As the park waits for more furniture to come in, students during the day will have the opportunity to gather at dining tables and chairs in shaded areas. During the evenings and nights, students will have access to LED lights from the canopy on the top level.
While many students have started to become accustomed to the park and enjoyed its facilities, some have said it currently feels somewhat empty. George Eto, a graduate student in electrical engineering, noted this feeling after he walked through the park and felt the open space.
“It’s interesting but it seems a bit sparse,” Eto said. “It feels like there’s a void here.”
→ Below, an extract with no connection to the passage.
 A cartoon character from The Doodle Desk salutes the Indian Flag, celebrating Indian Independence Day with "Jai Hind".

With the precedent set by the CLA Tower, Noe Medina, another graduate student in electrical engineering, said the old building felt more representative of the campus.
“What was here before, people used to take pictures of and you would know it’s Cal Poly, but if you’re here and you take a picture, it could be anywhere,” Medina said.
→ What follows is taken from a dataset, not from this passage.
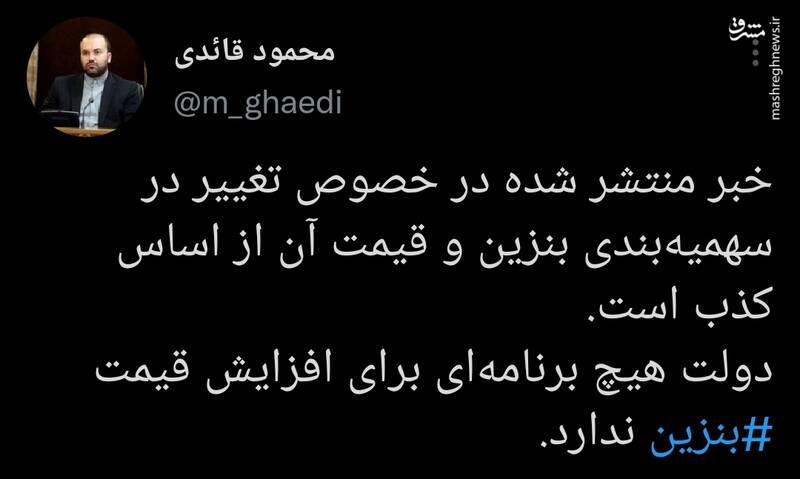 به گزارش پایگاه خبری تحلیلی گرو، محمود قائدی، مشاور سخنگوی دولت در توییتر نوشت:

Despite their critiques, Eto and Medina agreed the park felt like it was on a solid foundation, but it was just missing out on some inherent potential. Eto added it may have also hit harder for older students like them because of their attachment to the old CLA Tower.
Although it might be difficult to forget the prominent CLA Tower, Bevans believes the money was well spent on creating a new outdoor area for students.
“It’s important for CSU campuses to continue to have a place that creates the opportunity for learning, lifelong learning as well,” said Bevans. “But the opportunity to create a college experience.”